Segment Start: Excerpted data

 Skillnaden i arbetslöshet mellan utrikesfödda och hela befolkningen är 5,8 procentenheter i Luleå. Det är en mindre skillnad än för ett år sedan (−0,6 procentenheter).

Segment End: Excerpted data
Segment Start: Excerpted data

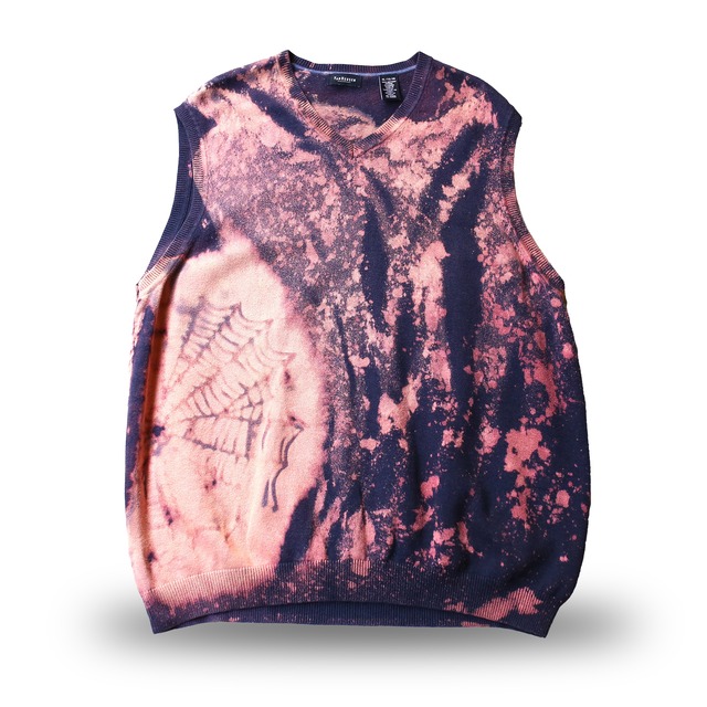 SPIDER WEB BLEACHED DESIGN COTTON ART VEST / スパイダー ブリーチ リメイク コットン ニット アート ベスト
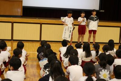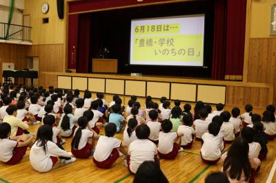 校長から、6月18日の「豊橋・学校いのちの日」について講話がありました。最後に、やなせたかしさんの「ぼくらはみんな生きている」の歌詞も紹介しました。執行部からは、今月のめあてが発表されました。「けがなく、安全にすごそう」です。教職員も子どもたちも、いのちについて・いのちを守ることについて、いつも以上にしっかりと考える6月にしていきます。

Segment End: Excerpted data
Segment Start: Excerpted data

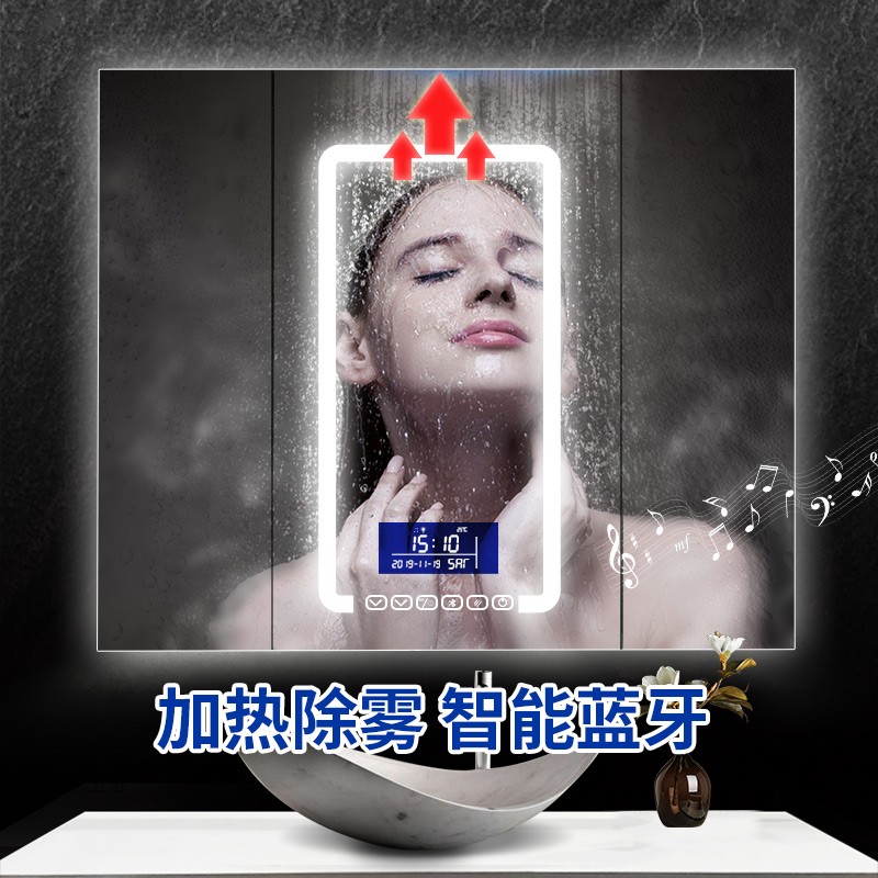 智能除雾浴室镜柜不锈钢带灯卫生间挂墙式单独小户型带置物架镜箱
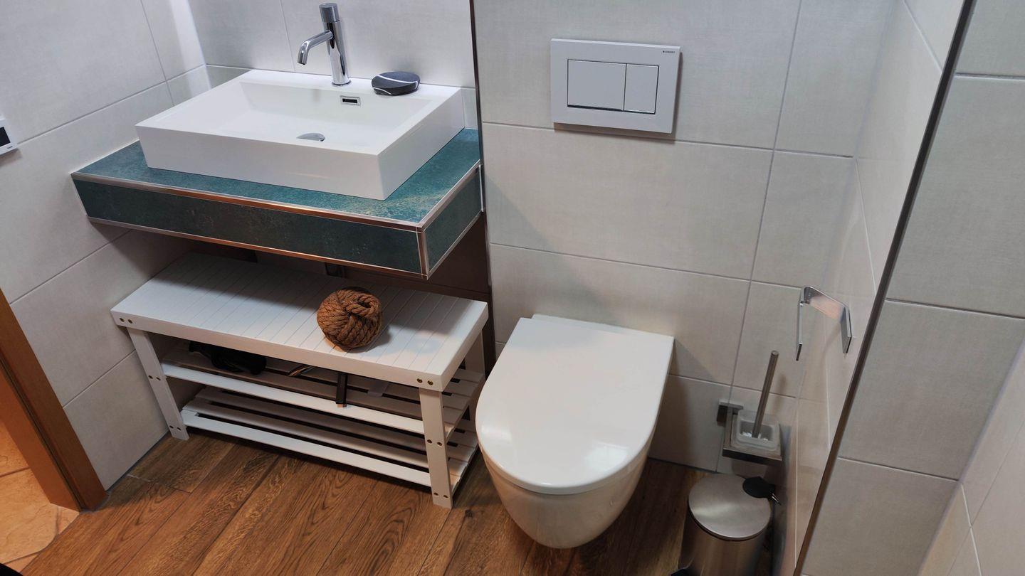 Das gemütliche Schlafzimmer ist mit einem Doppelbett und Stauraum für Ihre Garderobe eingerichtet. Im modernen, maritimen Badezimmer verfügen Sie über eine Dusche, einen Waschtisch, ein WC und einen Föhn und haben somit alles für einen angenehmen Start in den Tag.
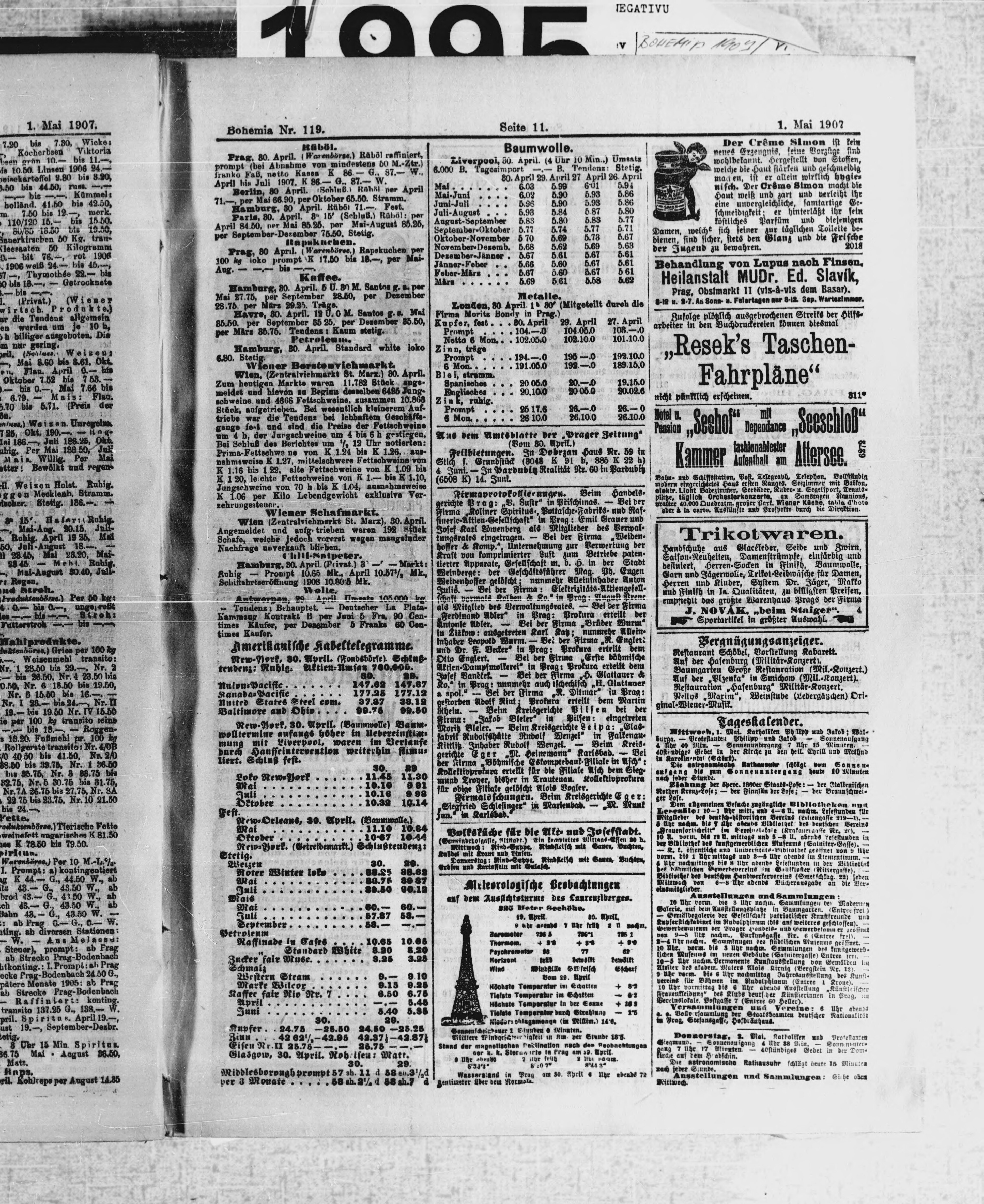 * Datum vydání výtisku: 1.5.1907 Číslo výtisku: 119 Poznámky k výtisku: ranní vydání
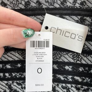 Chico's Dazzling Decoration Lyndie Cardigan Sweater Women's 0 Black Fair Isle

Segment End: Excerpted data

**Exercise details**
Return exactly the stretch above whose first line contains "智能除雾浴室镜柜不锈钢带灯卫生间挂墙式单独小户型带置物架镜箱" and whose last line contains "Das gemütliche Schlafzimmer", and nothing outside it. The pictures should not appear.

**Expected answer**
 智能除雾浴室镜柜不锈钢带灯卫生间挂墙式单独小户型带置物架镜箱
 Das gemütliche Schlafzimmer ist mit einem Doppelbett und Stauraum für Ihre Garderobe eingerichtet. Im modernen, maritimen Badezimmer verfügen Sie über eine Dusche, einen Waschtisch, ein WC und einen Föhn und haben somit alles für einen angenehmen Start in den Tag.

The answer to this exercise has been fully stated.